Configuration options:
- temp_file_compression = 'no' (default)
- temp_file_compression = 'pglz'
- temp_file_compression = 'lz4' (requires --with-lz4)

Fix GUC tables structure for compression support
---
 src/Makefile.global.in                        |   1 +
 src/backend/access/gist/gistbuildbuffers.c    |   2 +-
 src/backend/backup/backup_manifest.c          |   2 +-
 src/backend/executor/nodeHashjoin.c           |   2 +-
 src/backend/storage/file/buffile.c            | 317 +++++++++++++++++-
 src/backend/utils/misc/guc_parameters.dat     |   7 +
 src/backend/utils/misc/guc_tables.c           |  13 +
 src/backend/utils/misc/postgresql.conf.sample |   1 +
 src/backend/utils/sort/logtape.c              |   2 +-
 src/backend/utils/sort/tuplestore.c           |   2 +-
 src/include/storage/buffile.h                 |  12 +-
 11 files changed, 338 insertions(+), 23 deletions(-)

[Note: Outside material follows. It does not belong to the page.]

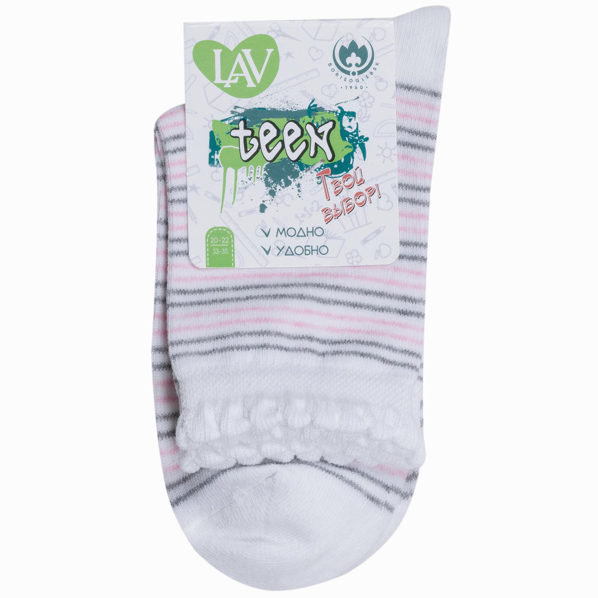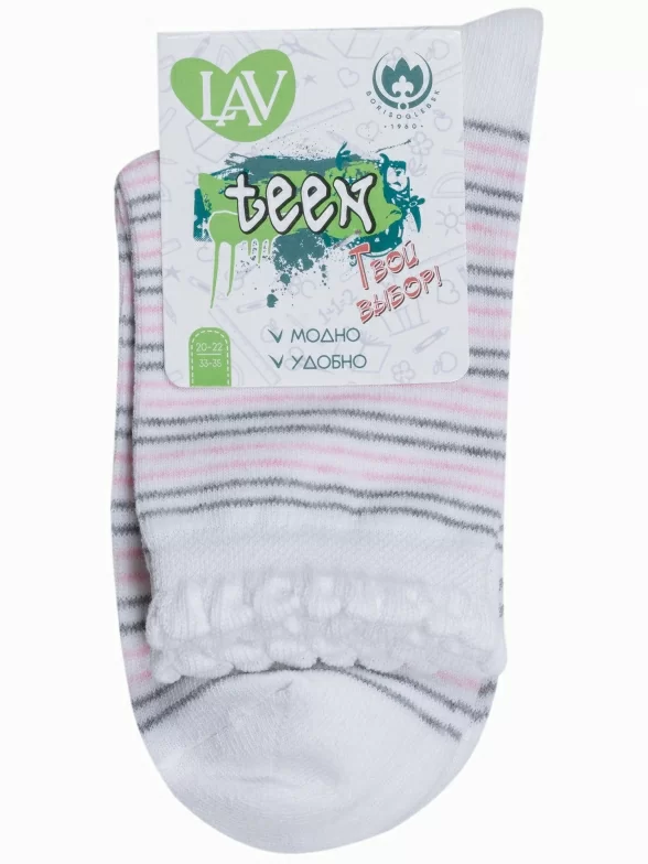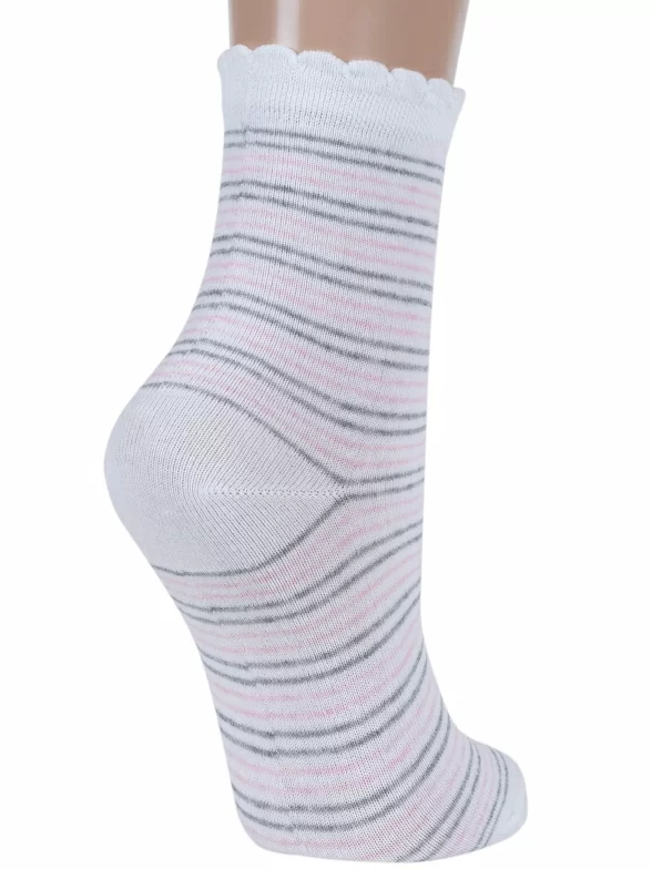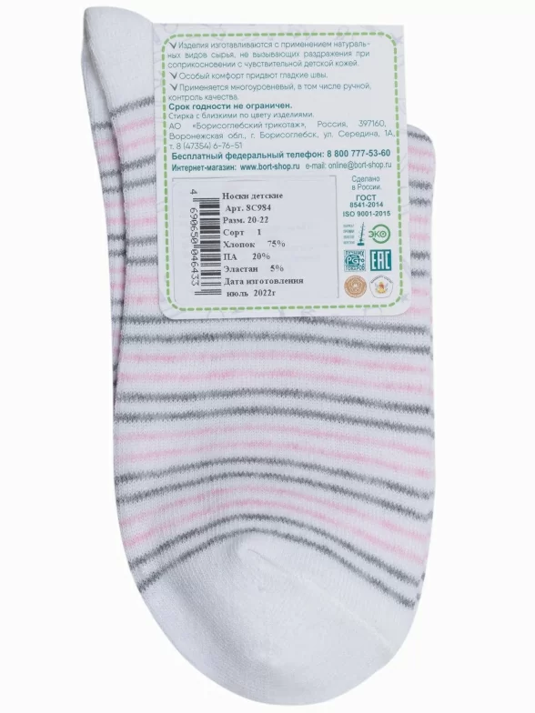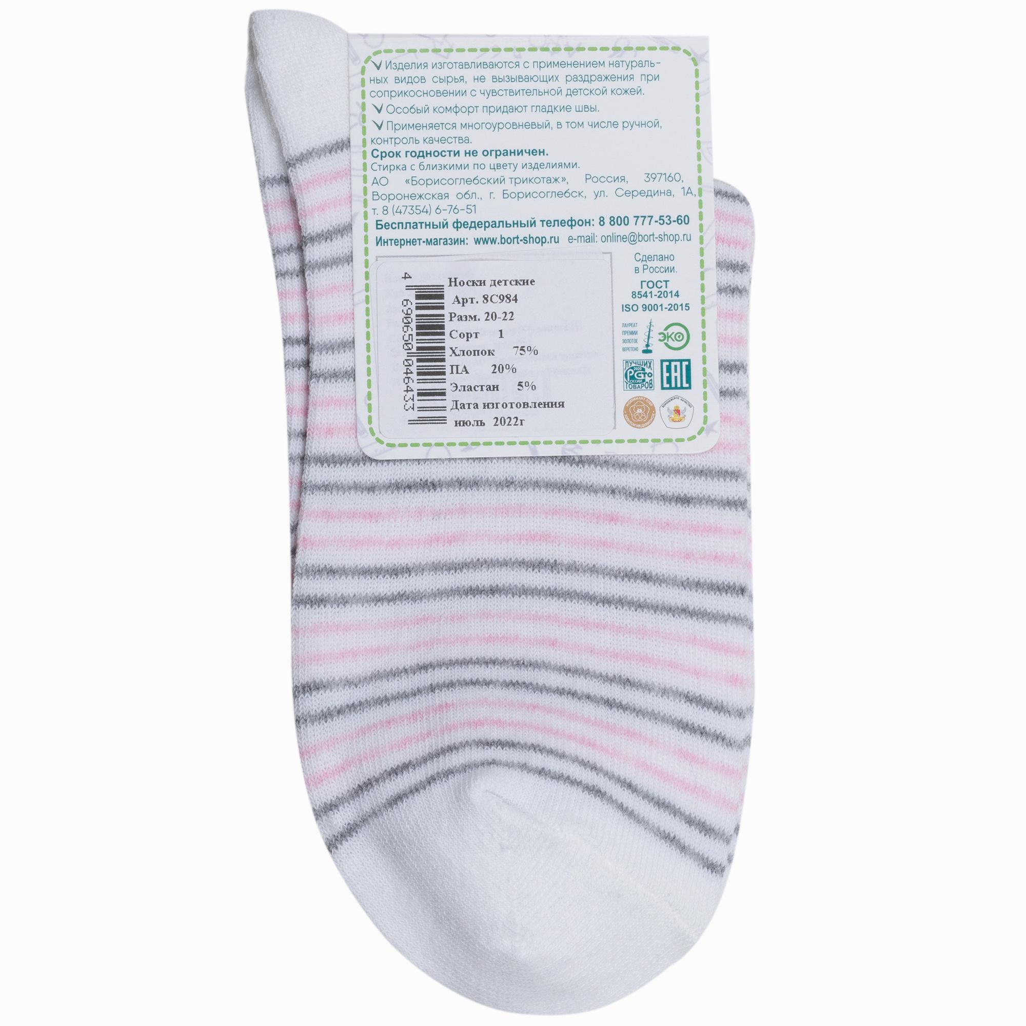 Круглогодичные укороченные детские носки, цвет белый, классические, шов обычный (не бесшовные), принт (рисунок): полоски, с узором, состав: 75% хлопок, 20% полиамид, 5% эластан, арт. 8С984. Производитель «АО Борисоглебский трикотаж, Воронежская обл, Россия» под брендом «Борисоглебский трикотаж».

diff --git a/src/Makefile.global.in b/src/Makefile.global.in
index 0aa389bc710..3a8b277a9ae 100644
--- a/src/Makefile.global.in
+++ b/src/Makefile.global.in
@@ -201,6 +201,7 @@ with_liburing	= @with_liburing@
 with_libxml	= @with_libxml@
 with_libxslt	= @with_libxslt@
 with_llvm	= @with_llvm@
+with_lz4	= @with_lz4@
 with_system_tzdata = @with_system_tzdata@
 with_uuid	= @with_uuid@
 with_zlib	= @with_zlib@
diff --git a/src/backend/access/gist/gistbuildbuffers.c b/src/backend/access/gist/gistbuildbuffers.c
index 0707254d18e..9cc371f47fe 100644
--- a/src/backend/access/gist/gistbuildbuffers.c
+++ b/src/backend/access/gist/gistbuildbuffers.c
@@ -54,7 +54,7 @@ gistInitBuildBuffers(int pagesPerBuffer, int levelStep, int maxLevel)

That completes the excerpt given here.